Summary: [RFE] Add GssapiImpersonate option
Product: Red Hat Enterprise Linux 7 Reporter: Simo Sorce <ssorce>
Component: mod_auth_gssapiAssignee: Simo Sorce <ssorce>
Status: CLOSED ERRATA QA Contact: Namita Soman <nsoman>
Severity: unspecified Docs Contact:
Priority: unspecified    
Version: 7.3CC: enewland, jpazdziora, ksiddiqu, mkosek, nsoman, pvoborni, rpattath, spoore, ssorce
Target Milestone: rcKeywords: FutureFeature
Target Release: ---   
Hardware: Unspecified   
OS: Unspecified   
Whiteboard:
Fixed In Version: Doc Type: If docs needed, set a value
Doc Text:
Story Points: ---
Clone Of: Environment:
Last Closed: 2016-11-04 05:54:44 UTC Type: Bug
Regression: --- Mount Type: ---
Documentation: --- CRM:
Verified Versions: Category: ---
oVirt Team: --- RHEL 7.3 requirements from Atomic Host:
Cloudforms Team: --- Target Upstream Version:
Embargoed:
Bug Depends On: 1346883    
Bug Blocks: 1317377, 1317379, 1366572, 1402820    

Description Simo Sorce 2016-06-07 10:07:46 UTC 
This option is required by the upcoming IdM (ipa-server) release
Comment 1 Petr Vobornik 2016-06-07 10:36:07 UTC 
I'll add more info, from pull request<https://github.com/modauthgssapi/mod_auth_gssapi/pull/87/commits/03d965e57abddc0eed2b4987c866b049921d06d7>:

"""
### GssapiImpersonate

This option can be used even if AuthType GSSAPI is not used for given
Location or LocationMatch, to obtain service ticket for a user that was
already authenticated by different module.

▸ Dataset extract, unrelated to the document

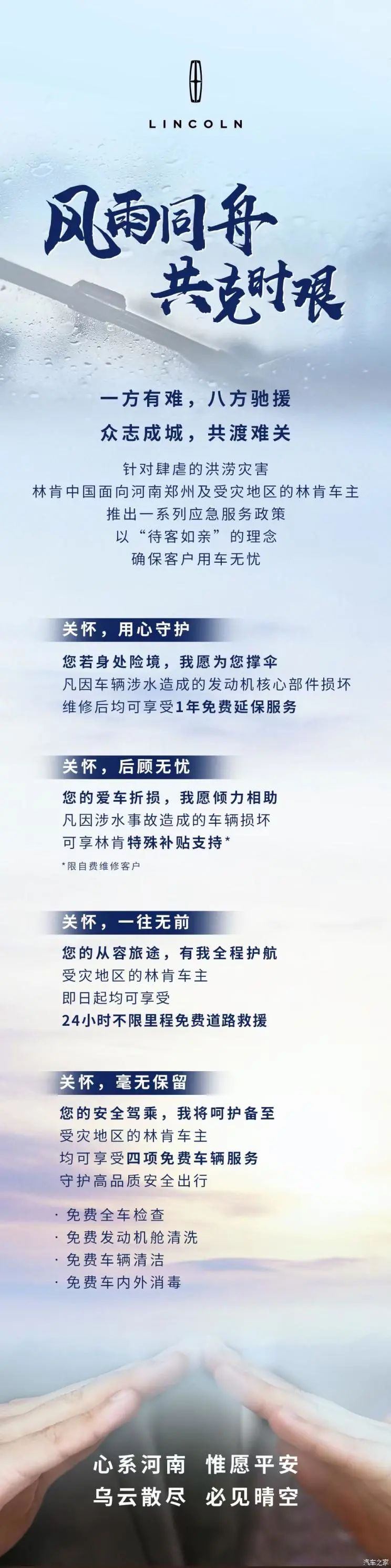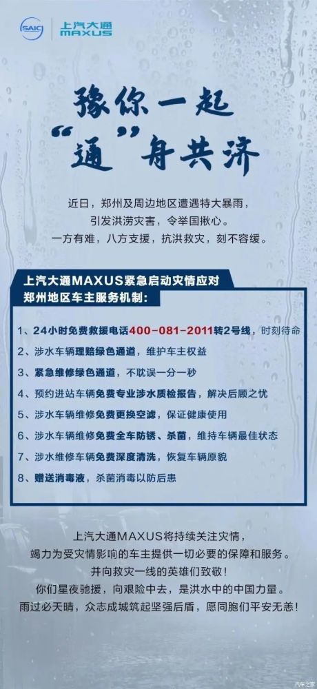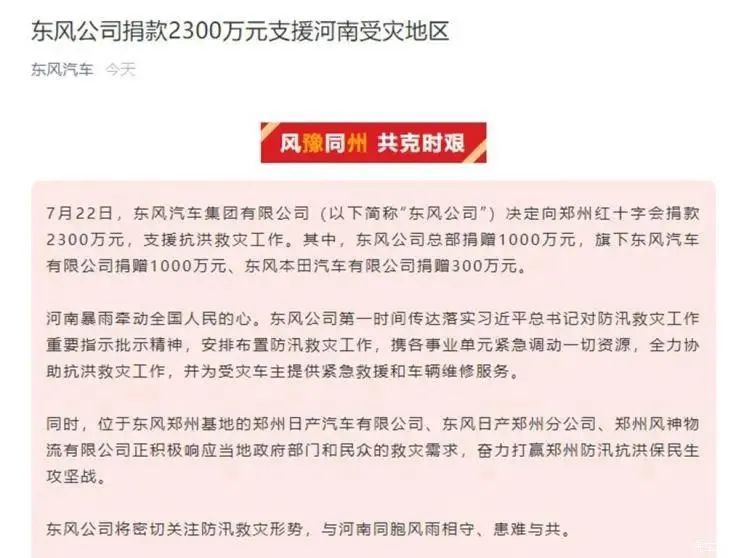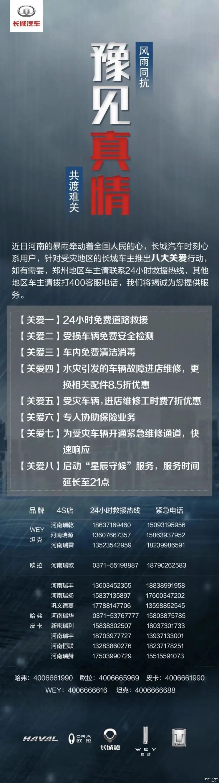 在河南省暴雨灾害发生后,大批车企主动响应,积极捐款捐物,并对河南省车主推出了救援服务/关怀计划。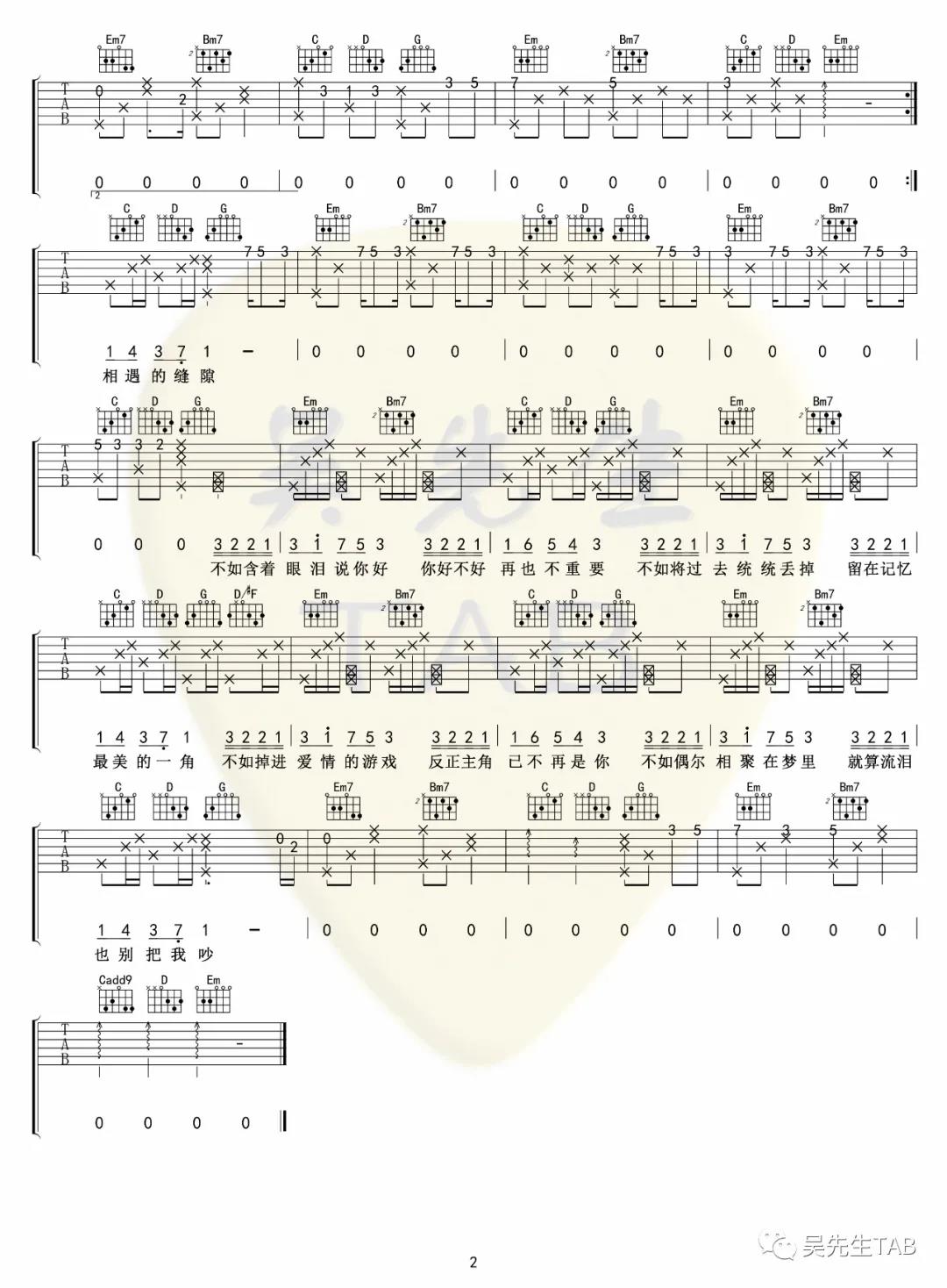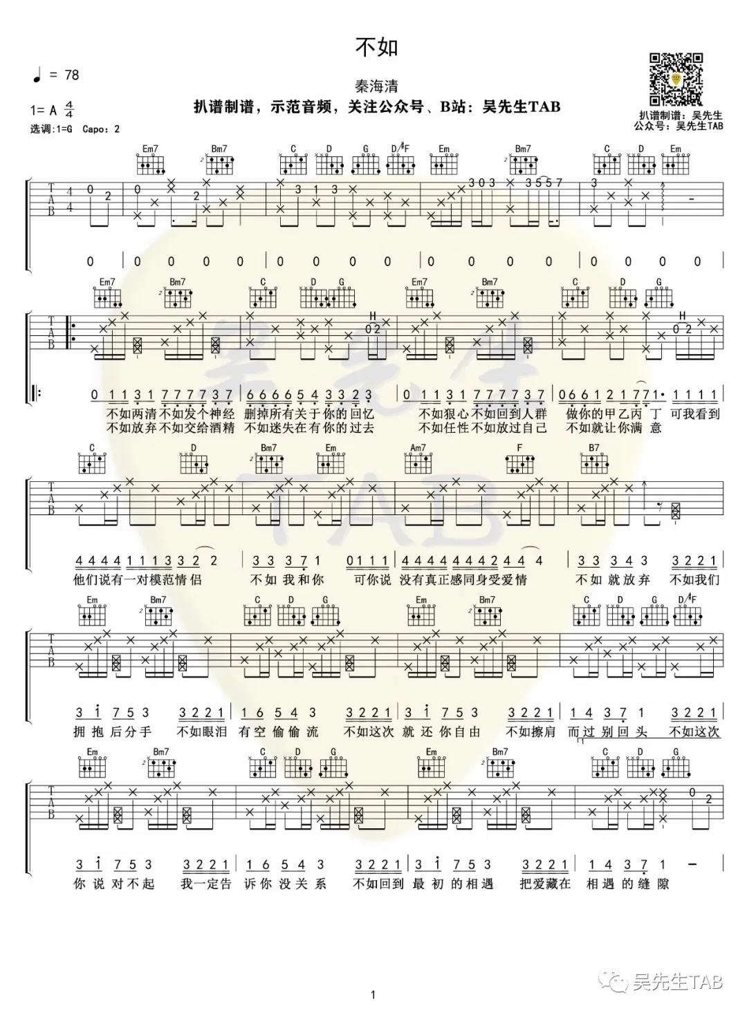 曲谱介绍: 秦海清《不如》吉他弹唱谱,采用G调指法编配,共有2张高清图谱,免翻页排版设计。

The principal of the user is retrieved from the internal r->user
identifier which typically holds the username from the authentication
results.

Make sure the server principal is set to allow to acquire forwardable
tickets to itself from arbitrary users, for use with constrained
delegation, for example with the option +ok_to_auth_as_delegate.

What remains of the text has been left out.